Enfin une action interne à notre école a été mise en place par la classe « Intégration de la différence ». Nous
avons décidé d’intervenir auprès de tous les groupes de 1ère année pour faire connaître les personnes
mentalement handicapées et essayer de sensibiliser et de faire tomber les préjugés.
Environ 220 élèves de 16 ans ont été approchés. Une bonne moitié s’est montrée intéressée et participante,
l’autre a davantage subi sans vouloir s’investir dans la réflexion.
Ce moyen d’intervention est le plus approprié pour atteindre notre objectif, qui est d’informer, d’expliquer ce
qu’est le handicap mental, de relater l’expérience vécue, de toucher l’élève personnellement et très directement
dans son for intérieur afin de faire reconnaître ces personnes en tant que telles.
Il faut avoir une vision à moyen terme et patienter afin que tous atteignent une plus grande maturité. J’espère
qu’à l’âge adulte, ou lorsqu’ils rencontreront une personne handicapée, le discours tenu par mes élèves leur
reviendra. et qu’alors ils agiront en conséquence et le retransmettront à leur tour.
Cet automne, tous les élèves de notre école ont déjà été informé de la présence de personnes handicapées.
Des enseignants, des membres du personnel administratif et technique m’ont déjà interpellé pour s’informer sur
notre partenariat. L’effet boule de neige s’est mis en action…
Pour conclure, l’expérience décrite par un élève :
Deuxième lundi de la rentrée, un lundi de fin août 2004, le soleil est au rendez-vous et brille sur notre bâtiment
scolaire. Pour cette nouvelle année, j’ai opté pour une nouvelle branche, elle se nomme « intégration à la
différence ». En retard et l’esprit encore au bord de la plage, je saisis mon horaire, celui-ci m’indique la salle
204. Je monte les escaliers l’esprit quelque peu sceptique. J’entre dans la classe, le maître n’est autre que M.
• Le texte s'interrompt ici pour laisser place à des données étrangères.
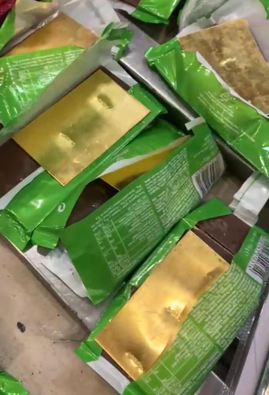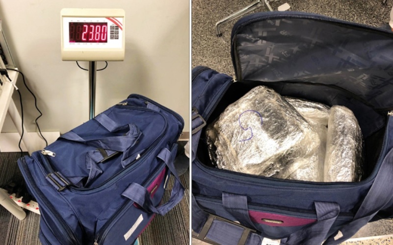 لكن رجال الأمن اكتشفوا تهريبه ممنوعات أخرى، ورشوا الجبس بمادة تتحول إلى أزرق بمجرد ملامسة مادة الكوكايين، وتبين أنه وزن الجبس كان نحو 5 كيلوغرامات من الكوكايين.
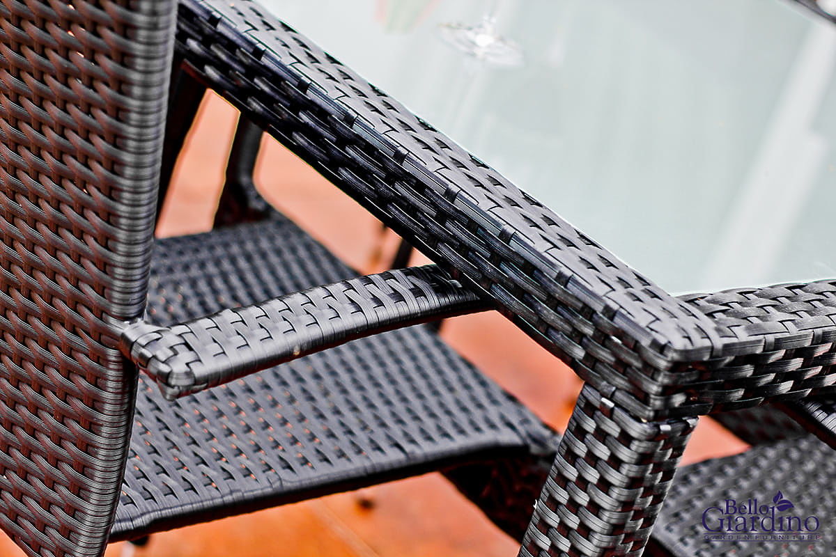 Az AVVICENTE kerti bútor az elegancia és a funkcionalitás megtestesítője, azok számára tervezve, akik luxust szeretnének vinni kertjükbe vagy teraszukra anélkül, hogy feláldoznák a praktikusságot. Az asztal könnyű szerkezetének köszönhetően ez a szett lehetővé teszi a könnyű áthelyezést, így gyorsan változtatható a kültéri tér elrendezése az aktuális igények vagy alkalmak szerint. Kiváló minőségű szintetikus rattanból készült, az AVVICENTE kerti bútor nem igényel bonyolult karbantartást, és ellenáll az eső, az intenzív napsugárzás és a fagy kedvezőtlen hatásainak. Az AVVICENTE bútor gyönyörű megjelenése, kényelmes székeivel és az anyag tartósságával ideális feltételeket teremt a friss levegőn való pihenéshez, és kényelmes környezetet biztosít a hosszú nyári estékre. Kiváló választás azok számára, akik technorattan kerti bútort keresnek, amely hosszú évekig szolgál, miközben megőrzi esztétikáját és funkcionalitását. Az AVVICENTE szett színe: fekete – egységes, finoman csíkozott szerkezet (az asztal és a székek kissé eltérnek a fonás szerkezetében – lásd a termék galériájában található fotókat)

Rey, mais à ma grande surprise, cette classe n’est composée que d’un garçon et de 10 filles. 12 élèves dont
moi ne sachant pas encore à quoi s’attendre et ne doutant pas une seule seconde qu’ils finiront par partager
d’énormes émotions passant du rire jusqu’aux larmes. Le but de cette option est de travailler avec un atelier de
personnes handicapées de la SGIPA, de voir ce que nous faisons réciproquement, de tenter de créer nousmêmes des ateliers et de conclure cette expérience par un camp. J’avoue que les premiers contacts n’étaient
pas évidents, j’avais l’impression d’être inexistant aux yeux des employés de l’atelier, mais avec le temps, il
s’est avéré que j’avais totalement tort. Les saisons ont défilé très rapidement, et c’est en plein printemps, lors
de ce fameux camp, que cette expérience a vraiment porté ses fruits. Un partage d’émotions et de sensations
indéfinies à travers des visites et des ateliers. Mais les moments les plus forts restent pour moi les soirées
bercées par la musique et la bonne ambiance, on pouvait lire la joie sur chaque visage et les soucis du
quotidien n’étaient plus que de vulgaires mirages, mais pour dire vrai, je résumerais ce camp en quelques
mots : « Une réunion de 27 cœurs pour 120 heures de pur bonheur ». J’aimerais ajouter que bien que j’aie déjà
pu rencontrer des personnes handicapées par le passé, j’avoue que, comme je le disais avant, je ne savais pas
à quoi m’attendre en accomplissant cette expérience. En réalité, une part de moi l’appréhendait, je savais
combien il était difficile de « s’initier » dans un groupe, mais j’ai compris très tôt que je n’avais pas de quoi m’en
faire. Pour conclure, je trouve formidable qu’on puisse avoir la chance en tant qu’élève de communiquer et
d’avoir des contacts avec des personnes handicapées, cela nous enrichit et je pense les enrichir aussi. Je
pense que c’est en les côtoyant, en partageant des moments et des choses avec eux, qu’on apprend ce qu’il
sont vraiment, ce qu’ils vivent et combien il est important de lutter pour les aider à s’intégrer car ils en sont
capables. Comme dirait Coralie, si nous sommes des personnes ordinaires, eux sont extraordinaires.
Aujourd’hui, ma vision a totalement changé, cette expérience m’a encore plus ouvert les yeux et je me rends
compte que je ne pourrais plus les appeler « handicapés » ou « travailleurs » mais tout simplement « mes
amis ». Des amis à qui l’on donne un peu et qui nous rendent beaucoup.